When an event is logged but no hooks have been set, the ``loghook()``
function
should include minimal overhead. Ideally, each argument is a reference to
existing data rather than a value calculated just for the logging call.
As hooks may be Python objects, they need to be freed during
``Py_Finalize()``.
To do this, we add an internal API ``_Py_ClearLogHooks()`` that releases any
``PyObject*`` hooks that are held, as well as any heap memory used. This
is an
internal function with no public export, but it passes an event to all
existing
hooks to ensure that unexpected calls are logged.

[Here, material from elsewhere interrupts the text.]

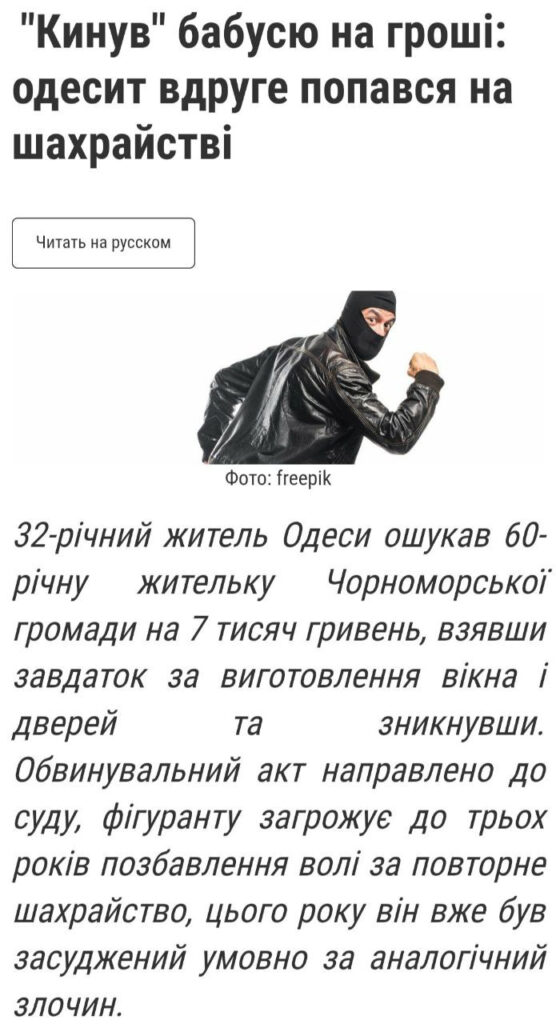 Матеріал «Кинув бабусю на гроші: одесит вдруге попався на шахрайстві» є кримінальною новиною з моральним ярликуванням без показу всіх процесуальних деталей. Якщо в тексті відсутні посилання на поліцію чи судові рішення, заголовок може створювати враження остаточного вироку до надання рішення суду. Тут маніпуляція відбувається через емоційний, осудливий тон («кинув бабусю») і можливе опущення формальних деталей (кваліфікація злочину, стадія справи).

See `Log Hook Locations`_ for proposed log hook points and schemas, and the
`Recommendations`_ section for discussion on appropriate responses.
Verified Open Hook
------------------
Most operating systems have a mechanism to distinguish between files
that can be
executed and those that can not. For example, this may be an execute bit
in the
permissions field, or a verified hash of the file contents to detect
potential
code tampering. These are an important security mechanism for preventing
execution of data or code that is not approved for a given environment.

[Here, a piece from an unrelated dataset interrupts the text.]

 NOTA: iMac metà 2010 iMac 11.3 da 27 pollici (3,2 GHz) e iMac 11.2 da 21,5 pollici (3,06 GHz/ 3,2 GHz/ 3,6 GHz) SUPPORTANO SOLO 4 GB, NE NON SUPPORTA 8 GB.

Currently, Python has no way to integrate with these when launching
scripts or
importing modules.
The new public API for the verified open hook is::
# Set the handler
int Py_SetOpenForExecuteHandler(PyObject *(*handler)(const char
*narrow, const wchar_t *wide))
# Open a file using the handler
os.open_for_exec(pathlike)
The ``os.open_for_exec()`` function is a drop-in replacement for
``open(pathlike, 'rb')``. Its default behaviour is to open a file for raw,
binary access - any more restrictive behaviour requires the use of a custom
handler. (Aside: since ``importlib`` requires access to this function
before the
``os`` module has been imported, it will be available on the
``nt``/``posix``
modules, but the intent is that other users will access it through the
``os``
module.)
A custom handler may be set by calling ``Py_SetOpenForExecuteHandler()``
from C
at any time, including before ``Py_Initialize()``. When
``open_for_exec()`` is
called with a handler set, the handler will be passed the processed
narrow or
wide path, depending on platform, and its return value will be returned
directly. The returned object should be an open file-like object that
supports
reading raw bytes. This is explicitly intended to allow a ``BytesIO``
instance
if the open handler has already had to read the file into memory in order to
perform whatever verification is necessary to determine whether the
content is
permitted to be executed.
Note that these handlers can import and call the ``_io.open()`` function on
CPython without triggering themselves.
If the handler determines that the file is not suitable for execution,
it should
raise an exception of its choice, as well as performing any other logging or
notifications.
All import and execution functionality involving code from a file will be
changed to use ``open_for_exec()`` unconditionally. It is important to
note that
calls to ``compile()``, ``exec()`` and ``eval()`` do not go through this
function - a log hook that includes the code from these calls will be
added and
is the best opportunity to validate code that is read from the file.
Given the
current decoupling between import and execution in Python, most imported
code
will go through both ``open_for_exec()`` and the log hook for
``compile``, and
so care should be taken to avoid repeating verification steps.
API Availability
----------------
While all the functions added here are considered public and stable API, the
behavior of the functions is implementation specific. The descriptions here
refer to the CPython implementation, and while other implementations should
provide the functions, there is no requirement that they behave the same.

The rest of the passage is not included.